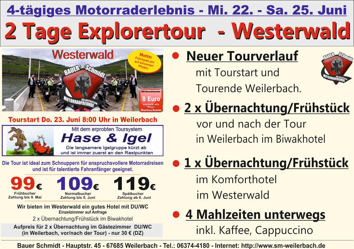 Westerwald und Rheintal 2 Tage Westerwald Anreise Mittwoch, 22. Juni zum Bikertreff Übernachtung in Bauer's Biwakhotel (im Preis enthalten) Tourstart Donnerstag, 23. Juni – 8.00 Uhr ab Weilerbach Biker-Frühstück – ab 7 Uhr (im Preis enthalten) Die Tour führt von Weilerbach über Hallgarten, Schloß Böckelheim nach Bingen. Fährüberfahrt über den Rhein nach Rüdesheim und weiter am Niederwald Denkmal vorbei, mit herrlichem Ausblick auf die Rheinschleife.
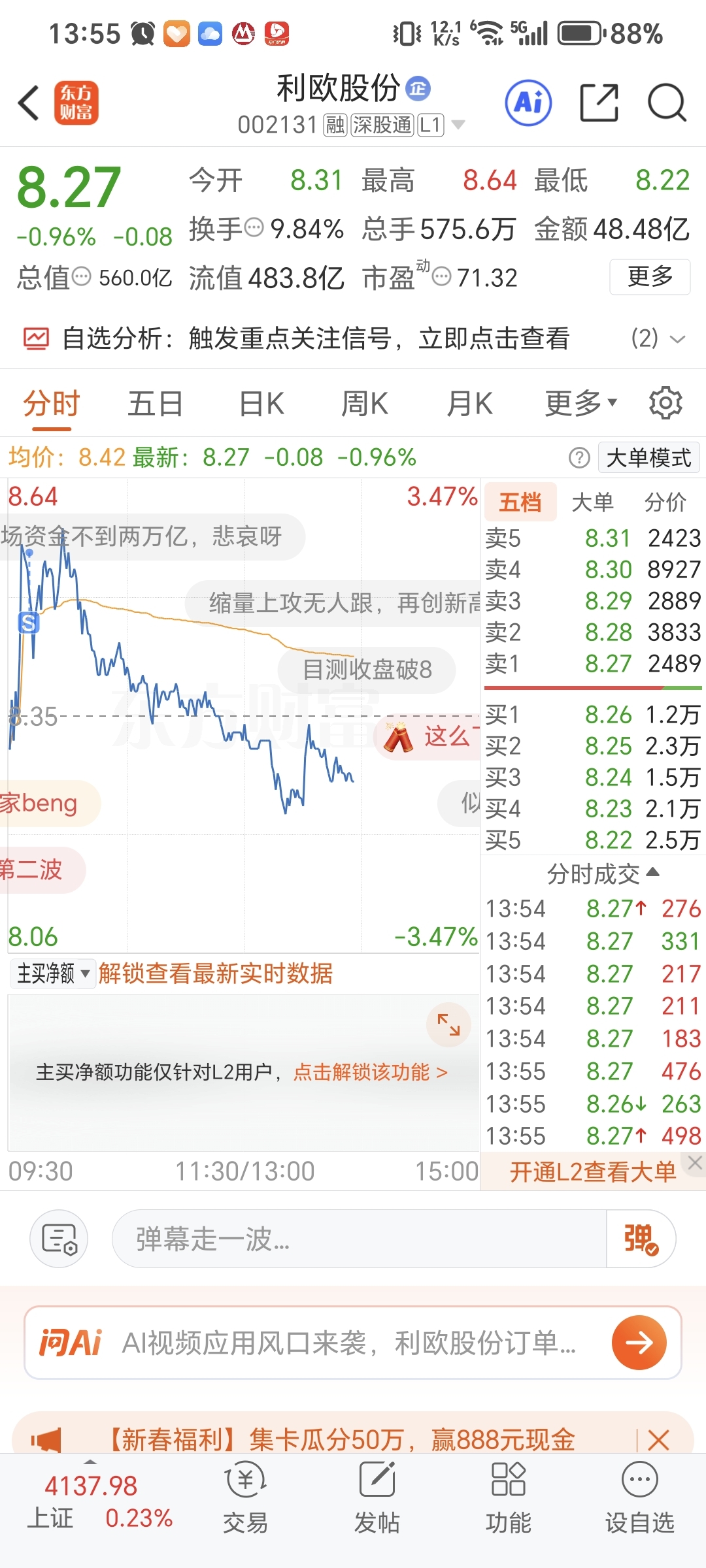 温馨提示: 1.根据《证券法》规定,禁止编造、传播虚假信息或者误导性信息,扰乱证券市场;2.用户在本社区发表的所有资料、言论等仅代表个人观点,与本网站立场无关,不对您构成任何投资建议。用户应基于自己的独立判断,自行决定证券投资并承担相应风险。《东方财富社区管理规定》
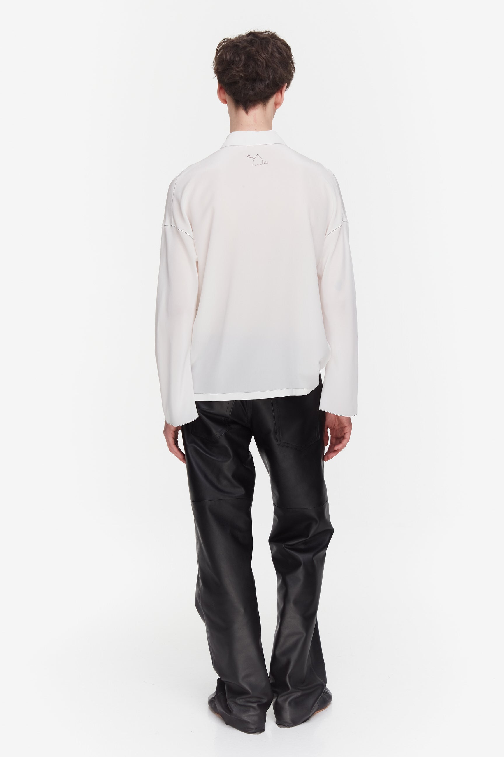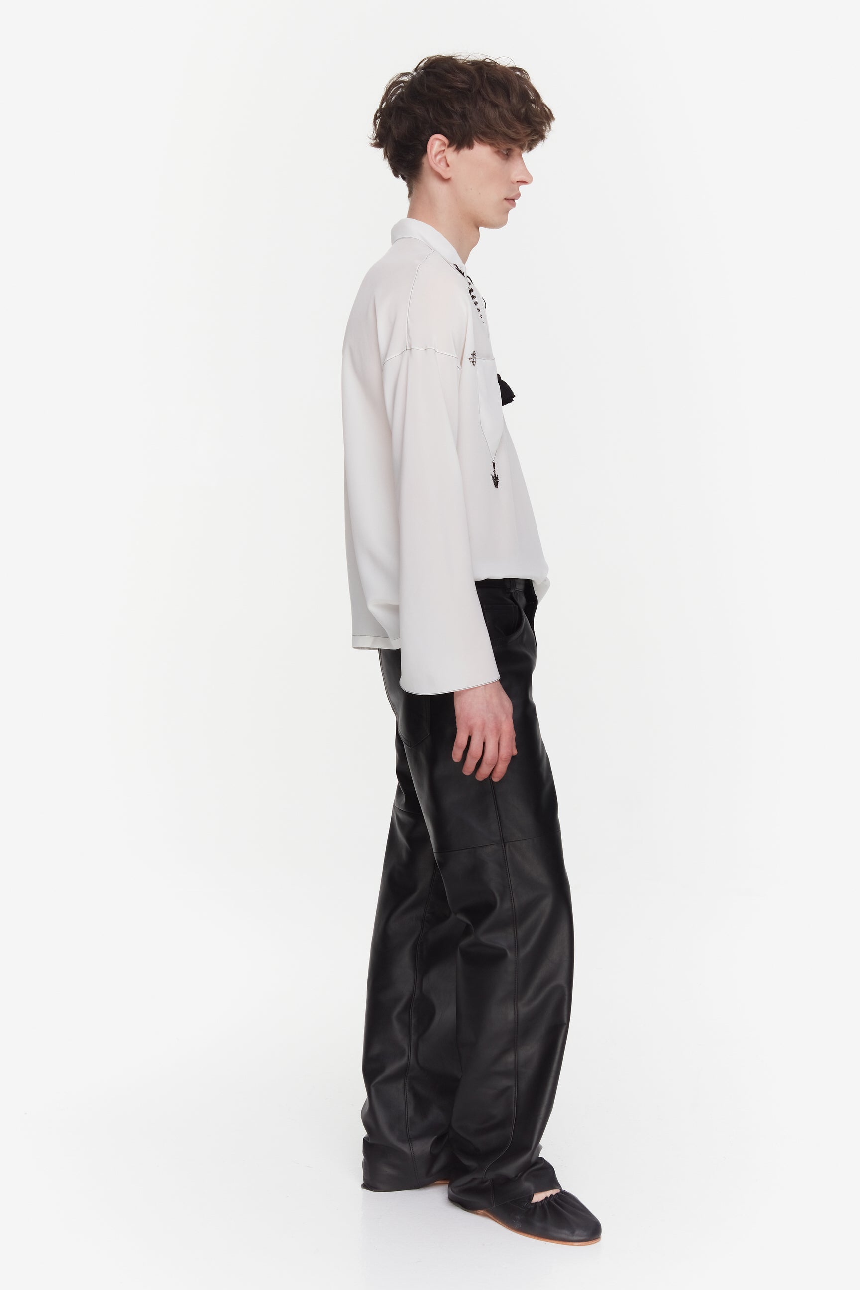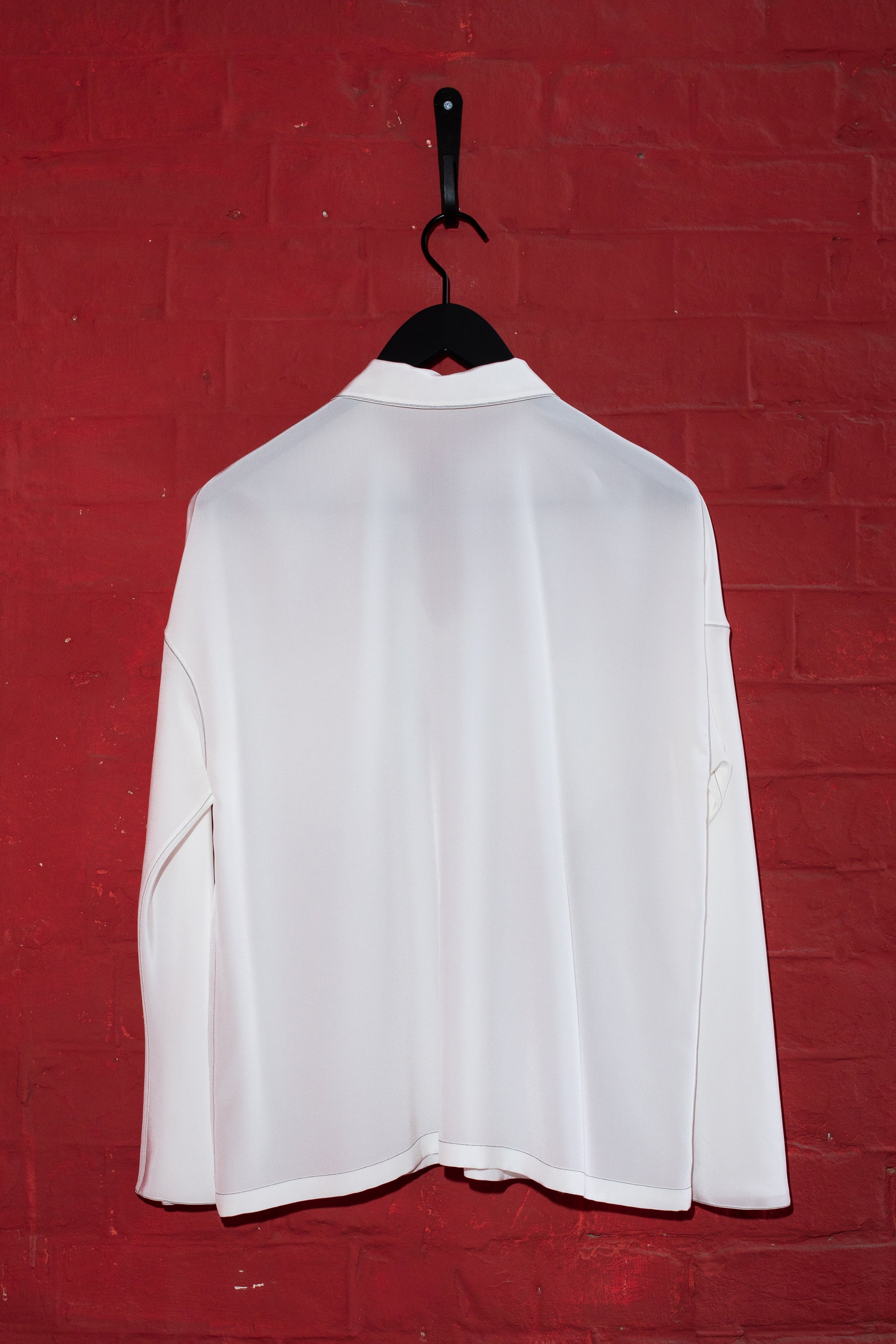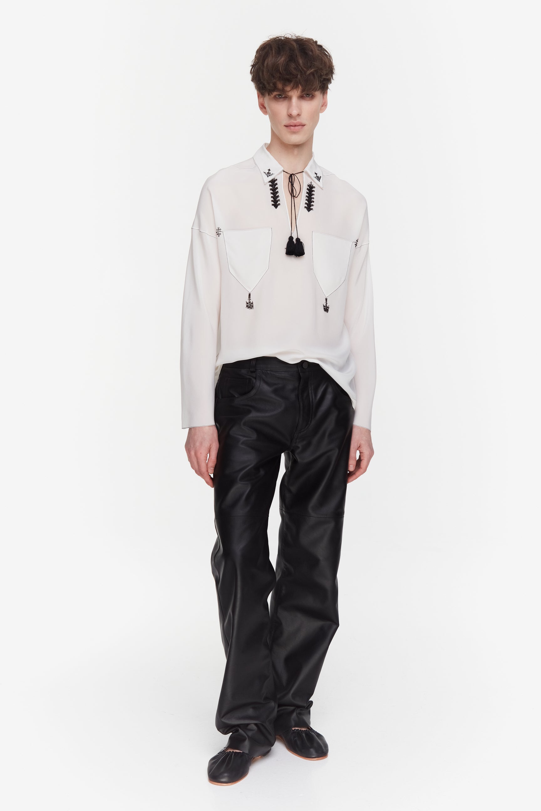 БІЛА ШОВКОВА СОРОЧКА З ДОВГИМ РУКАВОМ І ЗІ СПУЩЕНИМ ПЛЕЧЕМ. ВРУЧНУ ВИШИТА БІСЕРОМ. НАТХНЕННА ЕЛЕМЕНТАМИ ВИШИТОГО РУШНИКА (БОЖНИКА) З ХАРКІВЩИНИ.
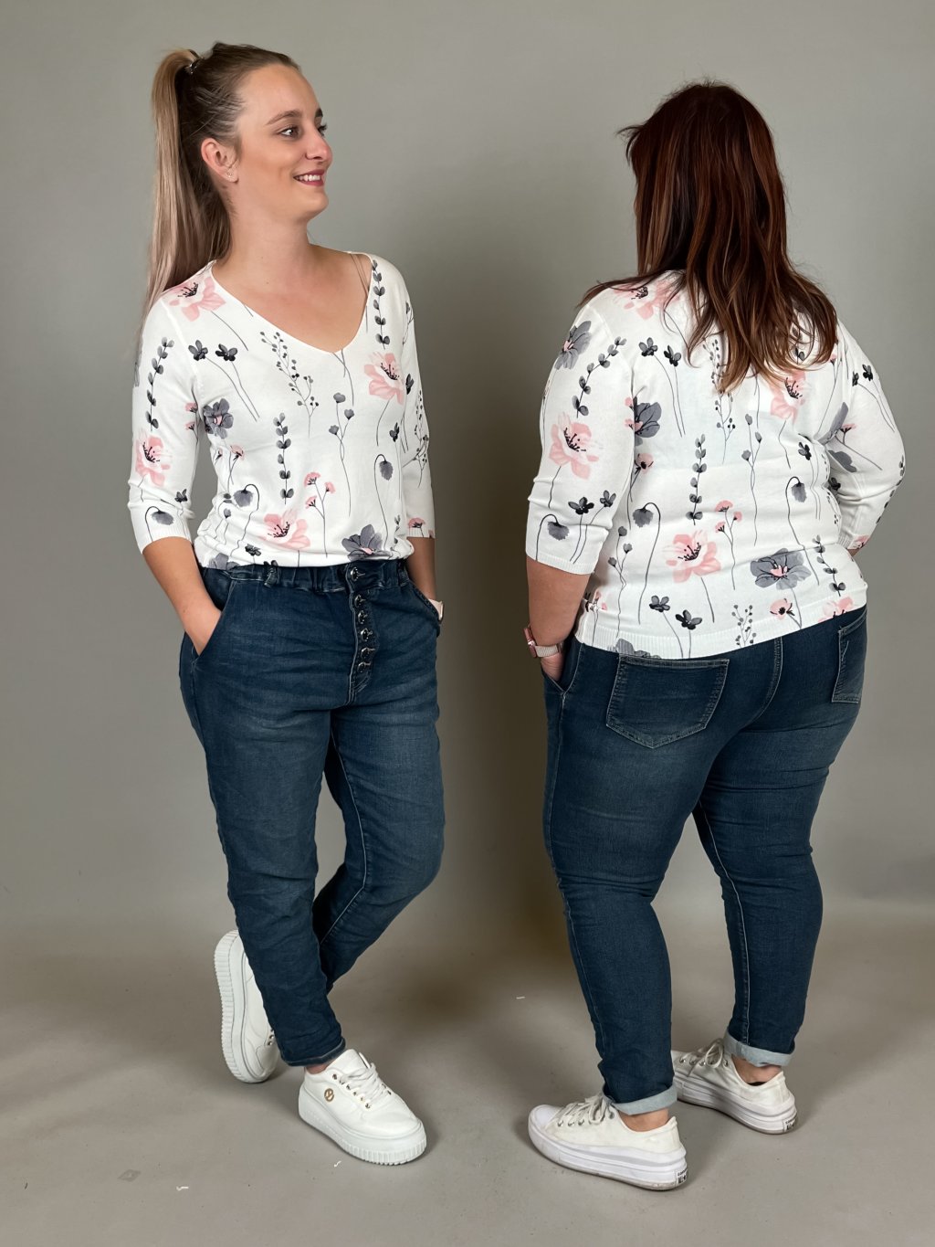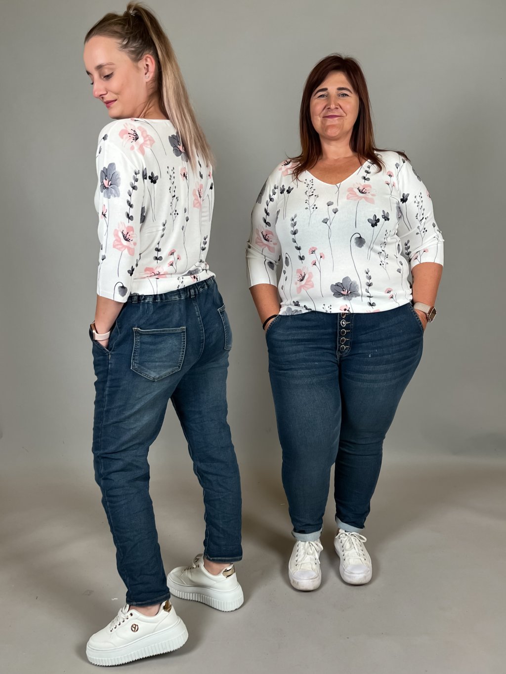 Svetřík BETTY/růžovo šedé kytky

## Task description
Print every line above exactly as given, but not the pictures.

## Answer below
 Westerwald und Rheintal 2 Tage Westerwald Anreise Mittwoch, 22. Juni zum Bikertreff Übernachtung in Bauer's Biwakhotel (im Preis enthalten) Tourstart Donnerstag, 23. Juni – 8.00 Uhr ab Weilerbach Biker-Frühstück – ab 7 Uhr (im Preis enthalten) Die Tour führt von Weilerbach über Hallgarten, Schloß Böckelheim nach Bingen. Fährüberfahrt über den Rhein nach Rüdesheim und weiter am Niederwald Denkmal vorbei, mit herrlichem Ausblick auf die Rheinschleife.
 温馨提示: 1.根据《证券法》规定,禁止编造、传播虚假信息或者误导性信息,扰乱证券市场;2.用户在本社区发表的所有资料、言论等仅代表个人观点,与本网站立场无关,不对您构成任何投资建议。用户应基于自己的独立判断,自行决定证券投资并承担相应风险。《东方财富社区管理规定》
 БІЛА ШОВКОВА СОРОЧКА З ДОВГИМ РУКАВОМ І ЗІ СПУЩЕНИМ ПЛЕЧЕМ. ВРУЧНУ ВИШИТА БІСЕРОМ. НАТХНЕННА ЕЛЕМЕНТАМИ ВИШИТОГО РУШНИКА (БОЖНИКА) З ХАРКІВЩИНИ.
 Svetřík BETTY/růžovo šedé kytky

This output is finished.